= Marian Hurd McNeely =

American children's book writer

Marian Kent Hurd McNeely ( Hurd; July 26, 1877 – December 18, 1930) was an American children's book author. Her work Jumping-Off Place received a Newbery Honor in 1930.

==Biography==
Marian Kent Hurd was born on July 26, 1877, in Dubuque, Iowa, the second of four children of Louis G. and Lymna Maxfield Hurd. She worked for a newspaper around the turn of the century, writing a column from 1903 to 1906. She then left for Italy for a year. She married Lee McNeely on May 4, 1910. They had four children.

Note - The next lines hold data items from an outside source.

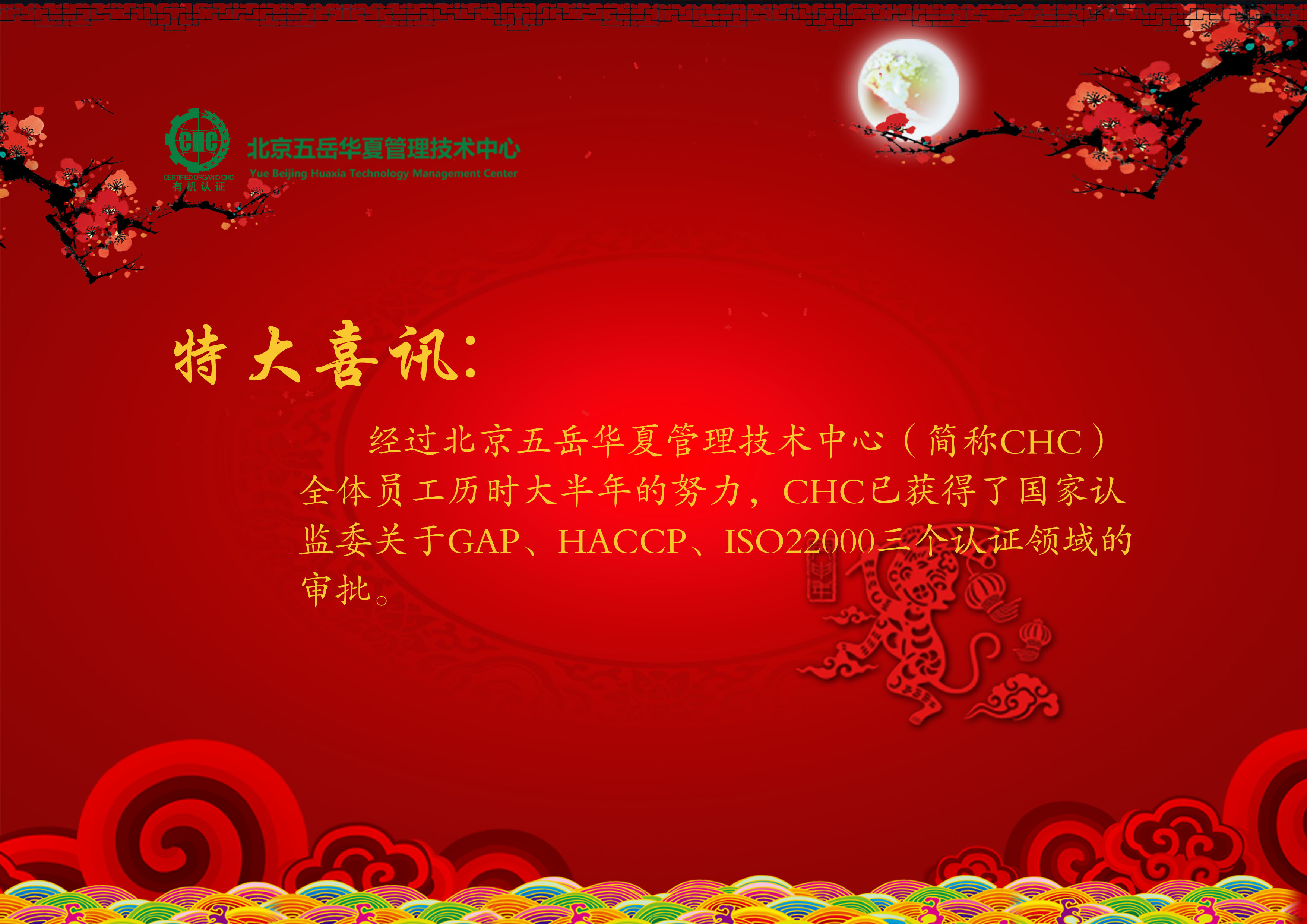 特大喜訊:經(jīng)過北京五岳華夏管理技術(shù)中心(簡(jiǎn)稱CHC)全體員工歷時(shí)大半年的努力,CHC已獲得了國家認(rèn)監(jiān)委關(guān)于GAP、HACCP、ISO22000三個(gè)認(rèn)證領(lǐng)域的審批。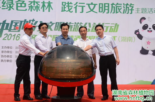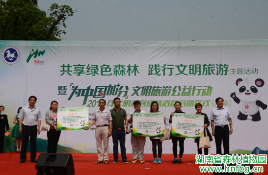 5月14日上午,由省林业厅、省旅游局、省文明办共同举办以“共享绿色森林·践行文明旅游”主题活动暨“为中国加分”文明旅游公益行动启动仪式在我园北大门广场举行。我园李林山主任应邀出席并为文明游客代表发放任务卡。湖南省文明办副主任熊科文、省林业厅副厅长柏方敏、省旅游局副局长王超祥先后在启动式上讲话。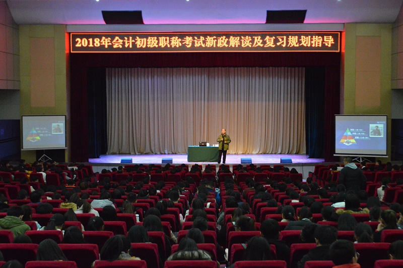 为不断提升会计学系学生对会计初级职称考试政策改革的认知,更好地复习备考会计初级职称考试,12月5日下午我系于学术报告厅举行了“2018年会计初级职称考试新政解读及复习规划指导”讲座,主讲嘉宾中华会计网校赵玉宝老师向参加讲座的2015、2016、2017级的近八百名学生解读会计初级职称考试相关政策。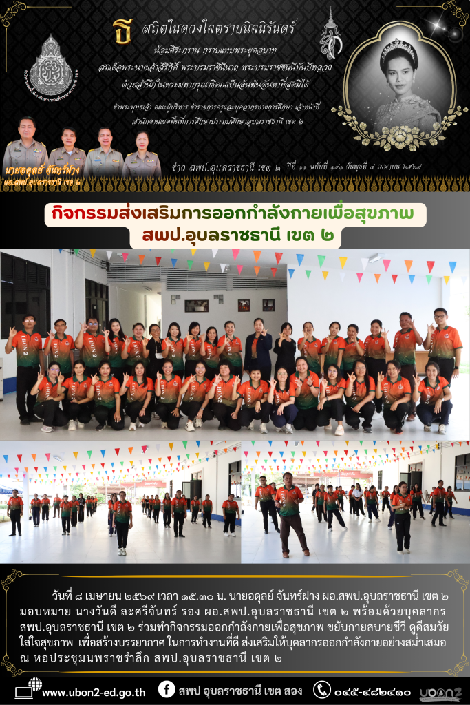 วันที่ ๘ เมษายน ๒๕๖๙ เวลา ๑๕.๓๐ น. นายอดุลย์ จันทร์ฝาง ผอ.สพป.อุบลราชธานี เขต ๒ มอบหมาย นางวันดี ละศรีจันทร์ รอง ผอ.สพป.อุบลราชธานี เขต ๒ พร้อมด้วยบุคลากร สพป.อุบลราชธานี เขต ๒ ร่วมทำกิจกรรมออกกำลังกายเพื่อสุขภาพ ขยับกายสบายชีวี ดูดีสมวัย ใส่ใจสุขภาพ เพื่อสร้างบรรยากาศ ในการทำงานที่ดี ส่งเสริมให้บุคลากรออกกำลังกายอย่างสม่ำเสมอ ณ หอประชุมนพราชรำลึก สพป.อุบลราชธานี เขต ๒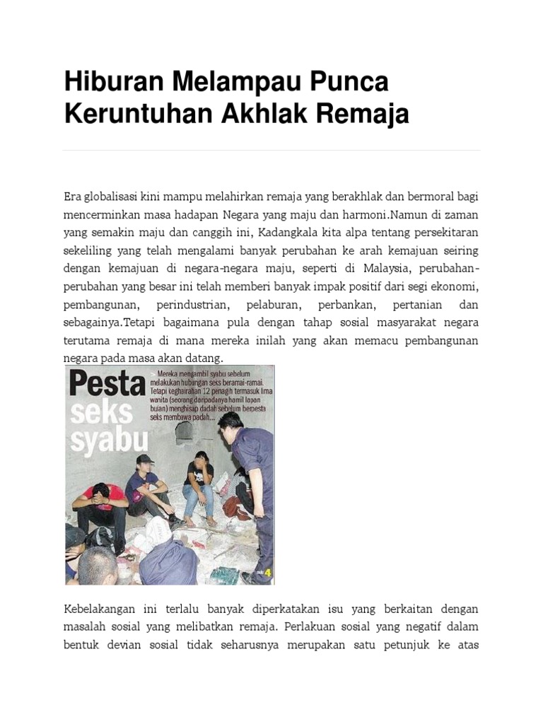 Antaranya ialah pengaruh rakan sebaya. O secara purata, setiap pelajar mempunyai 8 hingga 10 subjek untuk belajar bagi peperiksaan, mahupun peperiksaan di sekolah, upsr, pmr, spm ataupun stpm. Oleh itu, rakan sebaya sangat mudah mempengaruhi seseorang remaja itu sama ada ke jalan yang benar atau ke jalan yang. Antaranya ialah pengaruh rakan sebaya. Terdapat banyak punca yang menyumbang kepada runtuhnya akhlak remaja. More images for punca keruntuhan akhlak remaja » Menurut kajian, ketika usia remaja, seseorang itu lebih rapat dengan rakan sebaya berbanding keluarga. Analyse, wahre reviews & bewertungen auf der top safe dating site lokale lust! Terdapat banyak punca yang menyumbang kepada runtuhnya akhlak remaja. Agama merupakan ajaran bagi seseorang insan untuk berkelakuan baik. Jan 30, 2019 · punca punca keruntuhannya akhlak remaja. Terdapat banyak faktor yang mempengaruhi keruntuhannya akhlak seseorng remaja, faktor remaja itu sendiri, tekanan dalam pelajaran. Maksud keruntuhan dari segi bahasa ialah.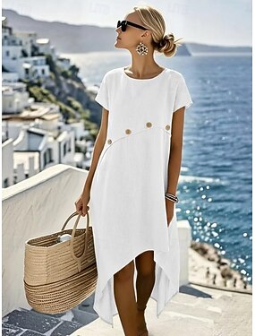 Mujer Vestido Midi Vestido informal Moda Moderno Exterior Vacaciones Noche Holgado Plano Manga Corta Cuello Barco Blanco Vino Azul Real Marrón Verano Primavera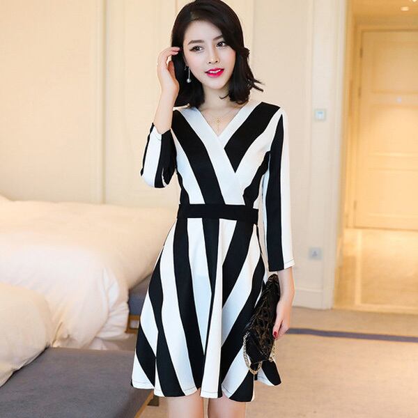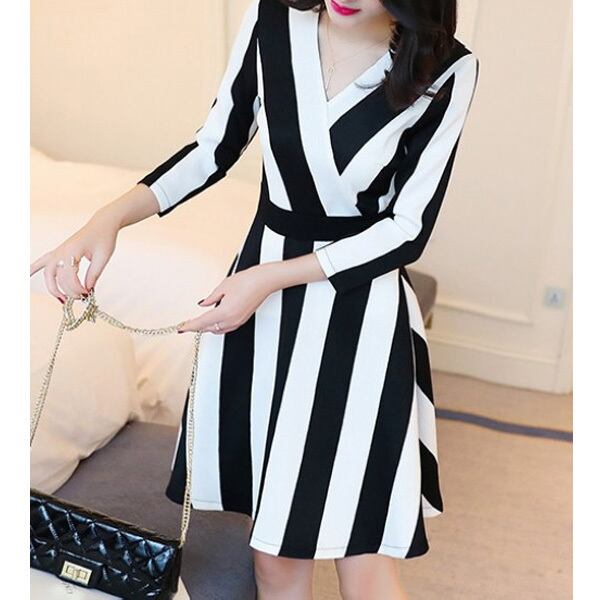 ☆SALE☆ ★モノトーンストライプ柄♪Vネックフレアーワンピース★

For two years, they homesteaded at Rosebud Indian Reservation, which became the inspiration for The Jumping-Off Place.

Apart from her books, McNeely wrote short stories and poems which appeared in publications such as St. Nicholas Magazine, Literary Digest, Ladies' Home Journal and the Saturday Review of Literature. A Ballade of Losers, was a humorous poem about being an also-ran for the Newbery Medal.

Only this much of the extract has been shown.